* [AIM OF THE TASK] Copy the listing below in full and skip every picture.

* [RECORDED DATA]
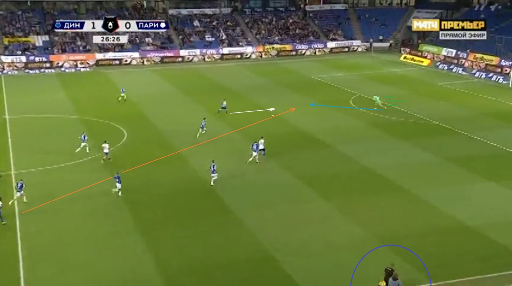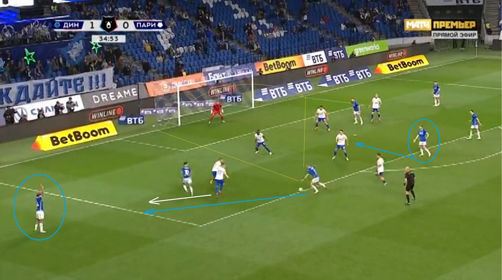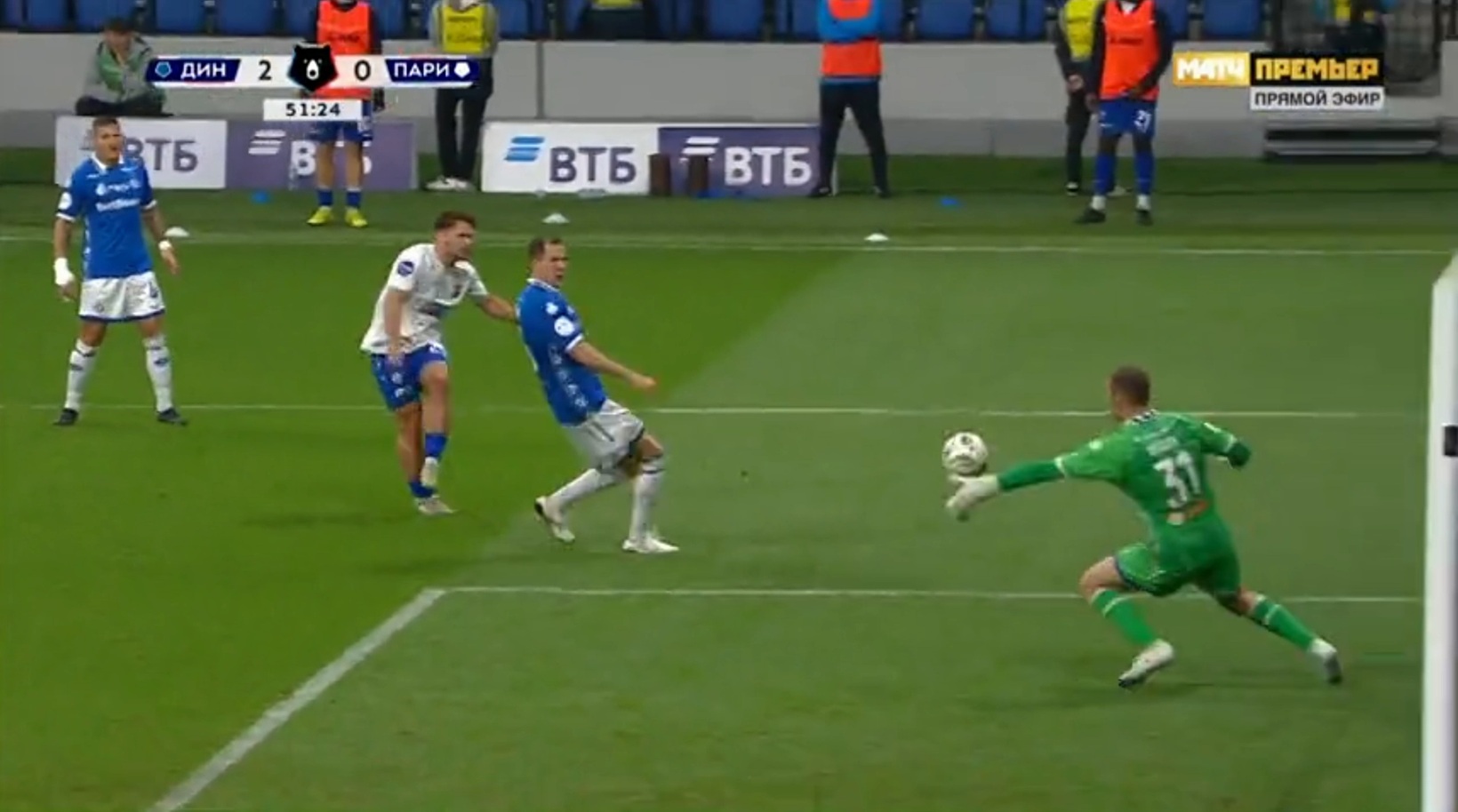 Через пять минут Динамо ответило нестандартной атакой. Казалось бы, Скопинцев потерял темп, уйдя в край (где уже находился Бителло) и уткнувшись в защитника, но там ему никто не помешал навесить на вбежавшего в штрафную Фомина — теперь уже вратарь гостей спасает свои ворота.
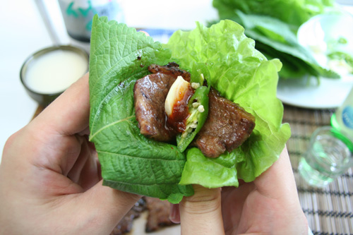 ▲サンチュと胡麻の葉を重ねてその上に骨のところを切ったカルビと薄く切ったニンニク・青唐辛子を乗せます。それからサムジャンを付けて包んで口の中へ~
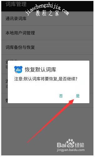 点开以后,会有一个提示的,问我们是否确定恢复,我们点击是即可,这样就回到了最初的时候词库了。
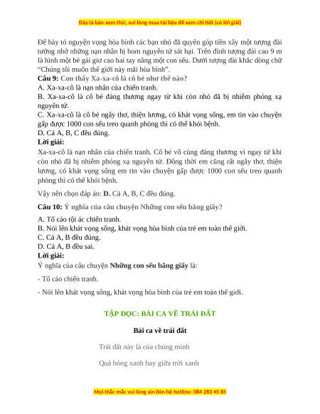 Trắc nghiệm Chủ điểm 2 Tiếng việt lớp 5: Cánh chim hòa bình

* [FINISHED TASK]
 Через пять минут Динамо ответило нестандартной атакой. Казалось бы, Скопинцев потерял темп, уйдя в край (где уже находился Бителло) и уткнувшись в защитника, но там ему никто не помешал навесить на вбежавшего в штрафную Фомина — теперь уже вратарь гостей спасает свои ворота.
 ▲サンチュと胡麻の葉を重ねてその上に骨のところを切ったカルビと薄く切ったニンニク・青唐辛子を乗せます。それからサムジャンを付けて包んで口の中へ~
 点开以后,会有一个提示的,问我们是否确定恢复,我们点击是即可,这样就回到了最初的时候词库了。
 Trắc nghiệm Chủ điểm 2 Tiếng việt lớp 5: Cánh chim hòa bình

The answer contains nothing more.